Segment Open

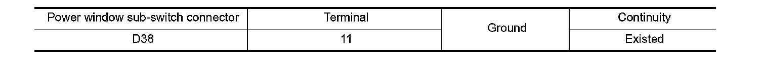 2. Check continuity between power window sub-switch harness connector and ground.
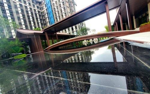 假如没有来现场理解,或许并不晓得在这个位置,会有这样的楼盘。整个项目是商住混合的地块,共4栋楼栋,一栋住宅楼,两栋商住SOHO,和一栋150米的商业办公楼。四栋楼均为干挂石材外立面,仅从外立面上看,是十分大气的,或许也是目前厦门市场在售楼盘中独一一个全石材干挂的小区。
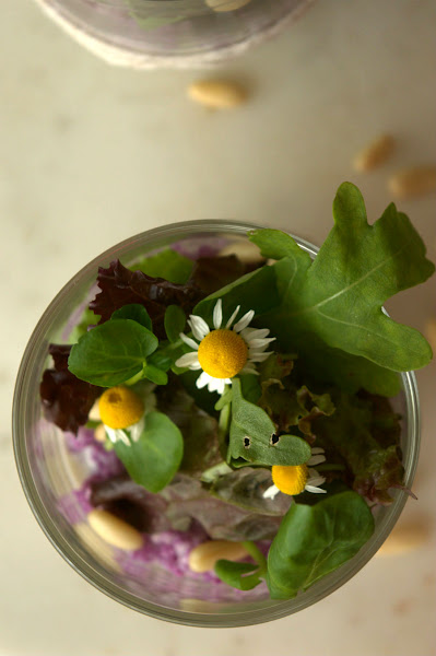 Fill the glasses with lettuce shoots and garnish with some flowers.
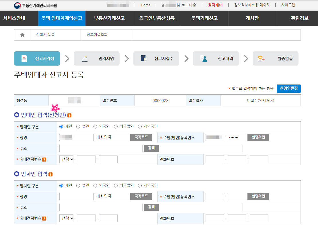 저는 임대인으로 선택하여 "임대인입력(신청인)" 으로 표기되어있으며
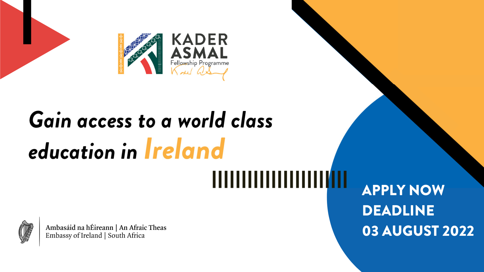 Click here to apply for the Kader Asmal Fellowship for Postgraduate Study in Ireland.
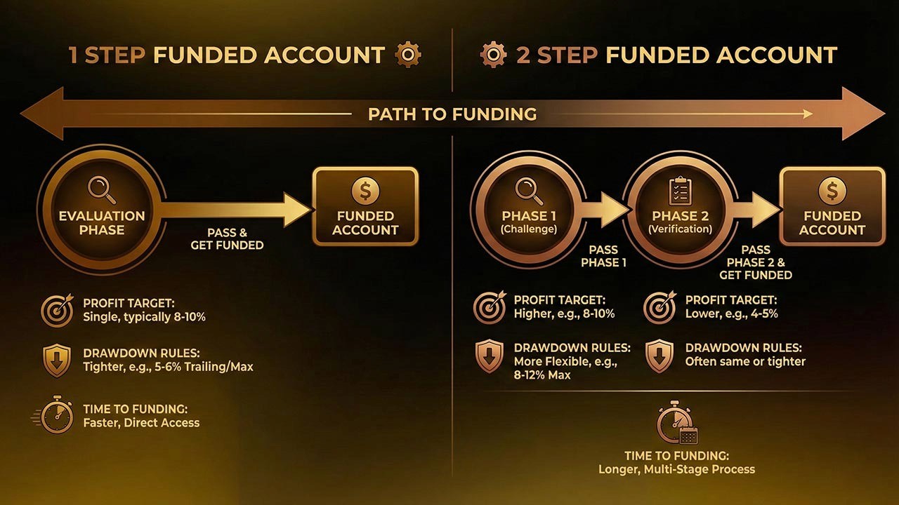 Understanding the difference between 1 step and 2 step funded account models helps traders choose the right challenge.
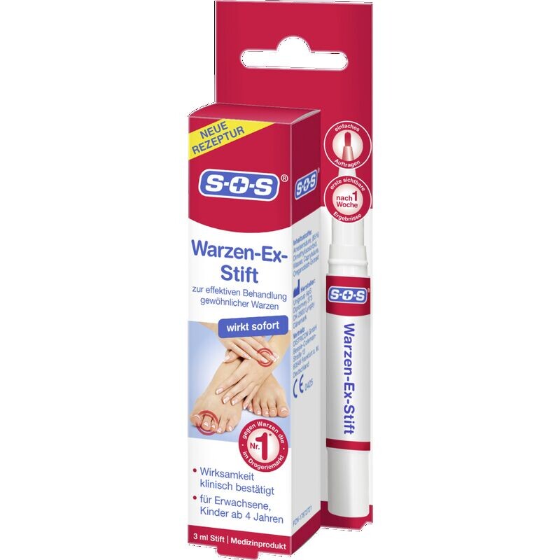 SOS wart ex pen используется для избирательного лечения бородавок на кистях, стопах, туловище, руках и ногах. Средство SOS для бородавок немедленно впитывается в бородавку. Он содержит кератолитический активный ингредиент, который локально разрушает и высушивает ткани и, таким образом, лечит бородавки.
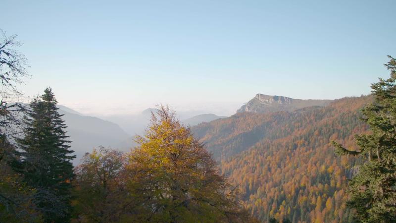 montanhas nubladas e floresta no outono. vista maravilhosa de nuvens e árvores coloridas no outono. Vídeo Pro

Segment Closed

## WORK ORDER
The exact lines from the beginning of the data through the one that contains "Understanding the difference" must be given again, both ends included, and pictures must be left out.

## SOLUTION TO THIS TASK
 2. Check continuity between power window sub-switch harness connector and ground.
 假如没有来现场理解,或许并不晓得在这个位置,会有这样的楼盘。整个项目是商住混合的地块,共4栋楼栋,一栋住宅楼,两栋商住SOHO,和一栋150米的商业办公楼。四栋楼均为干挂石材外立面,仅从外立面上看,是十分大气的,或许也是目前厦门市场在售楼盘中独一一个全石材干挂的小区。
 Fill the glasses with lettuce shoots and garnish with some flowers.
 저는 임대인으로 선택하여 "임대인입력(신청인)" 으로 표기되어있으며
 Click here to apply for the Kader Asmal Fellowship for Postgraduate Study in Ireland.
 Understanding the difference between 1 step and 2 step funded account models helps traders choose the right challenge.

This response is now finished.